+If your pull request is small, for example one or two commits each containing
+only a few lines of code, then it is easy for the maintainers to review.
+
+If you are creating a larger pull request, then please help the maintainers
+with making the reviews as straightforward as possible:
+
+* The smaller the PR, the easier it is to review. In particular if a PR is too
+ large to review in one sitting, or if changes are requested, then the
+ maintainer needs to repeatedly re-read code that has already been considered.
+* The commit history is important. This is a large codebase, developed over many
+ years by many developers. We frequently need to read the commit history (e.g.

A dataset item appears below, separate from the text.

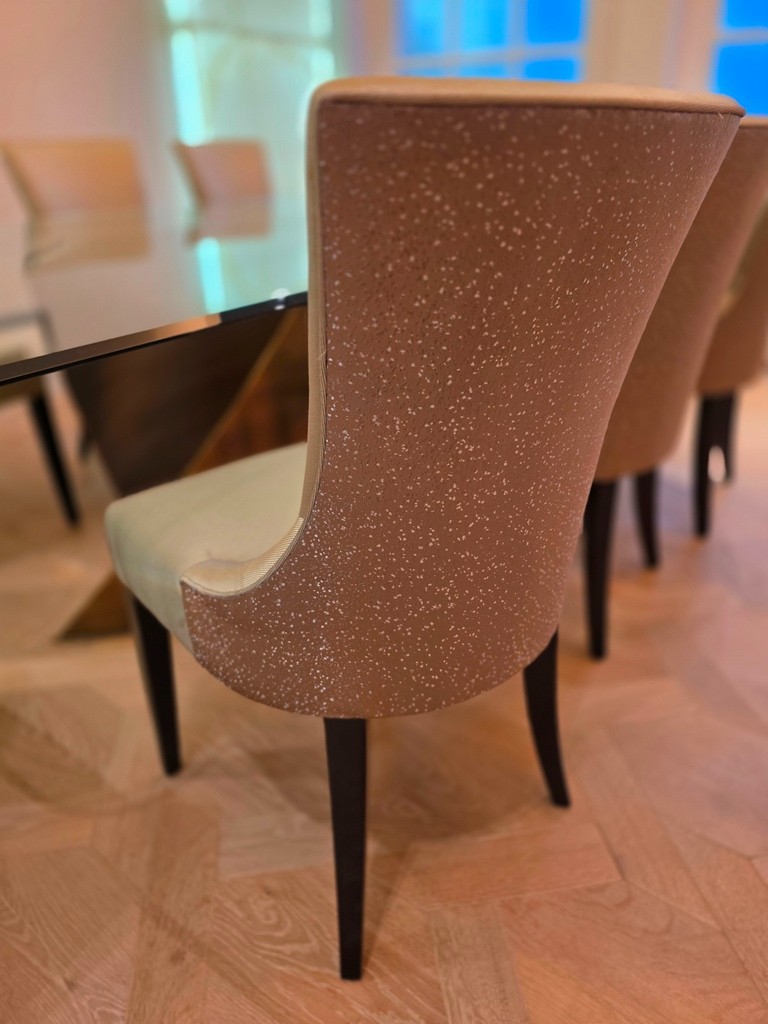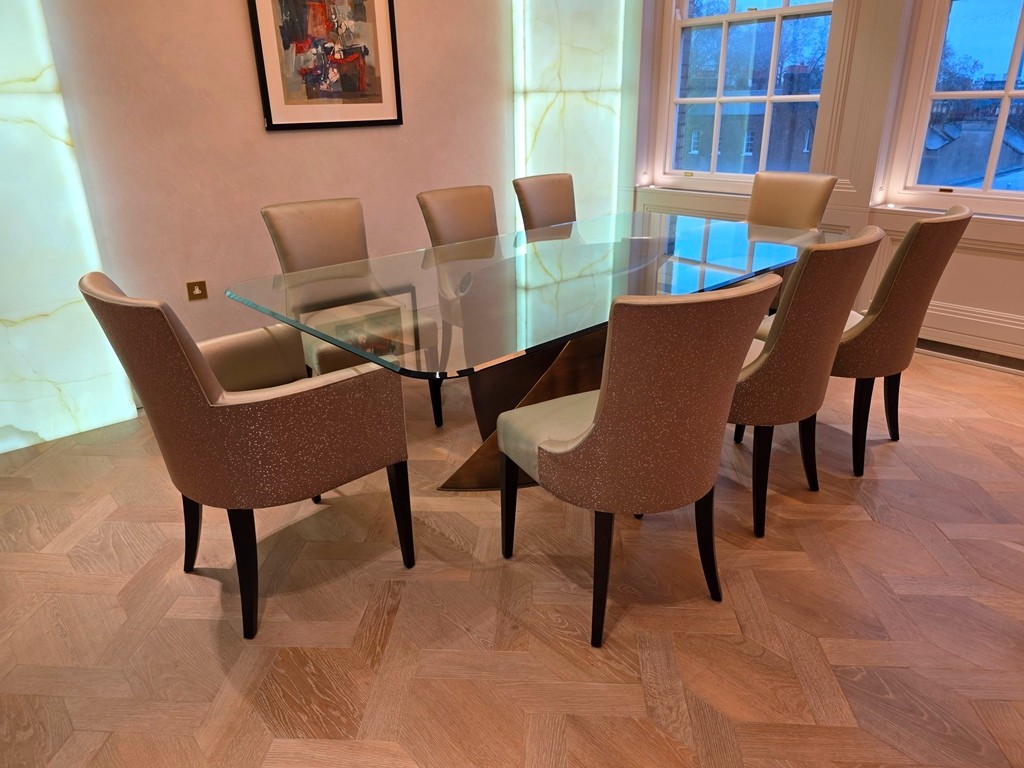 Includes 8 upholstered dining chairs from The Sofa & Chair Company — a mixed set with 6 × Charles chairs and 2 × Charles Carver armchairs (perfect for the ends of the table).

+ using `git blame`) to figure out what is going on. So small, understandable,
+ and relevant commits are important for other developers looking back at your
+ work in future.
+
+If you are creating a large pull request then please:
+
+* Consider splitting your pull request into multiple PRs. If part of your work
+ can be considered standalone, or is a foundation for the rest of your work,
+ please submit it separately first.
+* Avoid including "fixup" commits. If you have added a fixup commit (for example
+ to fix a rubocop warning, or because you changed your own new code) please
+ combine the fixup commit into the commit that introduced the problem.
+ `git rebase -i` is very useful for this.
+* Avoid including "merge" commits. If your PR can no longer be merged cleanly
+ (for example, an unrelated change to Gemfile.lock on master now conflicts with
+ your PR) then please rebase your PR onto the latest master. This allows you to
+ fix the conflicts, while keeping the PR a straightforward list of commits. If
+ there are no conflicts, then there is no need to rebase anything.